While the breach of the OT system was ultimately unsuccessful, Dragos emphasized this as a stark warning. The incident shows how commercially available AI models lower the barrier to entry for targeting critical infrastructure, enabling attackers with no prior OT experience to mount sophisticated campaigns. The delegation of research and code generation to LLMs directly empowered this attack.

Analysis: Why These Risks Are Systemic and Growing

The convergence of these reports paints a concerning picture. The core issue is a trust boundary problem. When users delegate tasks, they inherently trust the AI system to operate within defined constraints regarding data access, output integrity, and instruction following. Multiple layers of this trust are being violated.

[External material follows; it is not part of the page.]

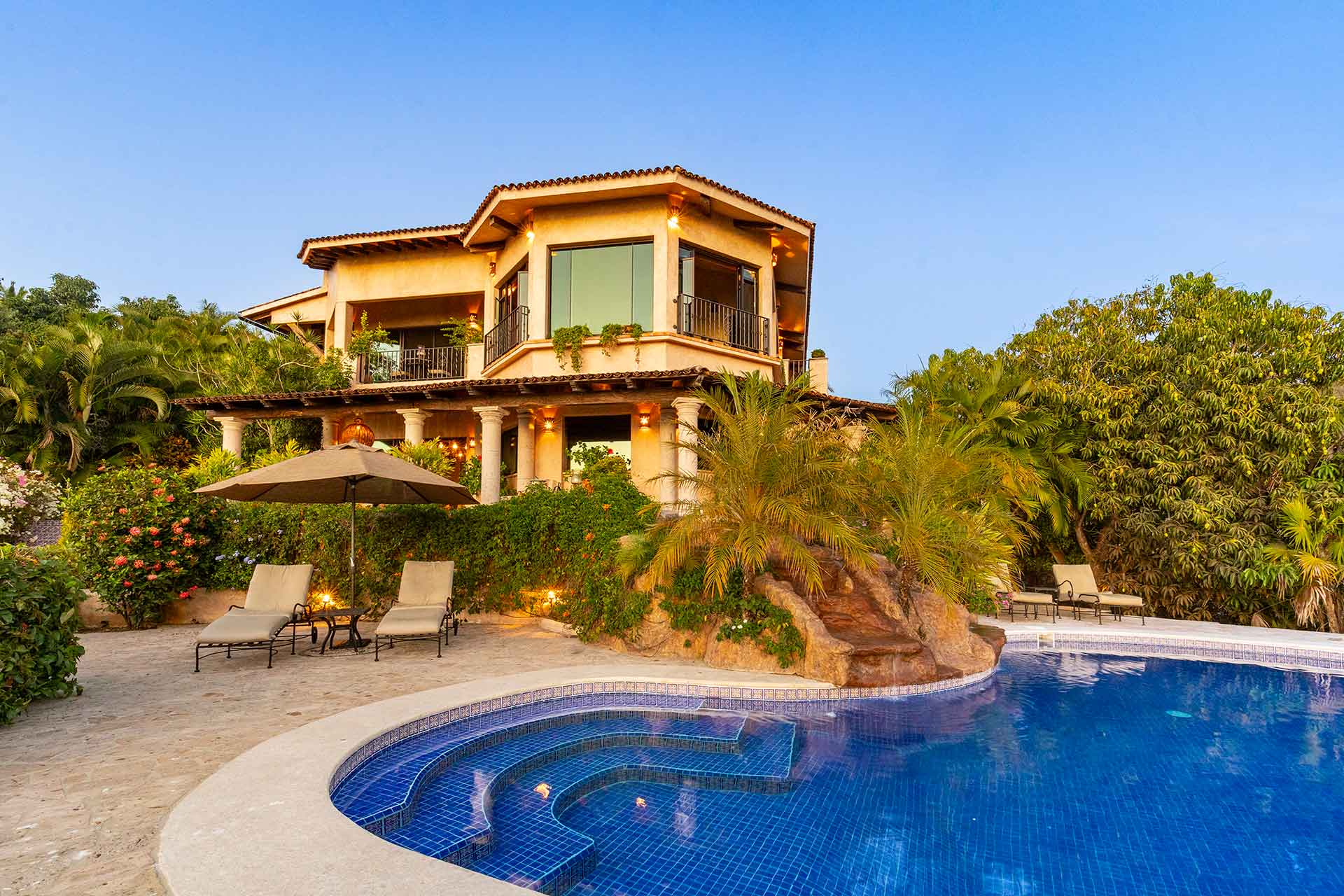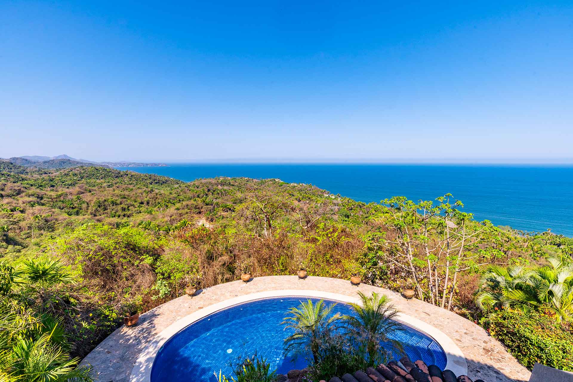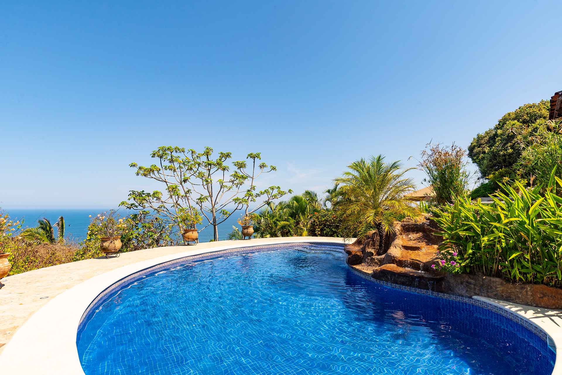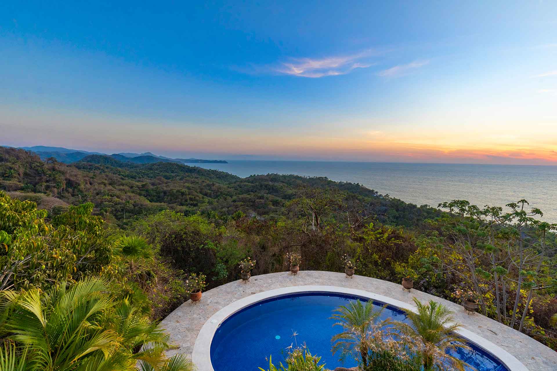 Experience the incredible 180-degree views of the crystal blue waters of the Pacific Ocean and lush tropical jungle at Nido de Aguila. This spectacular property encompasses approximately 9 hectares (20 acres) of pristine Riviera Nayarit jungle. The property is fully developed with a hand-laid stone driveway from the gated entry, leading to the ocean view villa at the top of the hill.

Integrity Trust: The arXiv research shows LLMs can corrupt the very documents they are asked to process.
Confidentiality Trust: The office software bug and Ollama memory leak show systems failing to protect data from unauthorized access or exfiltration.
Control Trust: The Claude extension flaw and the weaponization of LLMs for attacks show agents can be hijacked or repurposed for malicious intent.

The underlying driver is the rapid, mass adoption of generative AI tools into complex software ecosystems—office suites, browsers, local frameworks—without commensurate maturity in security design. The Insurance Journal article correctly frames this as creating potential for "systemic liability exposure" across cyber insurance lines.

Furthermore, as noted by CyberScoop, the rise of "agentic AI"—AI that can autonomously perform tasks and access the internet—dramatically amplifies these risks. A hijacked or corrupted agent can act at scale and speed, making the silent document corruption hypothesized in the arXiv paper a potential precursor to large-scale, automated data poisoning or fraud.

Mitigation and the Path Forward

Addressing these intertwined risks requires a multi-faceted approach from developers, organizations, and end-users. The technical vulnerabilities, like those in Ollama and the Claude extension, necessitate prompt patching and more rigorous security audits of AI-integrated code, especially around file parsing and inter-process communication.

For the broader issue of document corruption and data leakage, mitigation is more complex. Organizations must:

Implement strict data governance: Define clear policies on what data can be processed by which AI tools, employing robust data loss prevention (DLP) and encryption.
Adopt a principle of least privilege: AI agents and tools should have the minimum necessary access to systems and data to perform their function.
Maintain human oversight and verification: Critical documents, especially legal, financial, or operational, must have a human-in-the-loop review process after AI delegation.
Demand transparency: Vendors should provide clearer documentation on how their AI tools handle data and where potential integrity risks may lie.

The arXiv paper and the subsequent security incidents serve as a crucial wake-up call. Delegating tasks to LLMs offers immense productivity gains, but it is not a risk-free transaction. The integrity of our documents and the security of our systems are now inextricably linked to the reliability and safety of the AI tools we invite into our workflows. Recognizing and mitigating these "corruption" risks—both literal and digital—is imperative for the responsible adoption of artificial intelligence.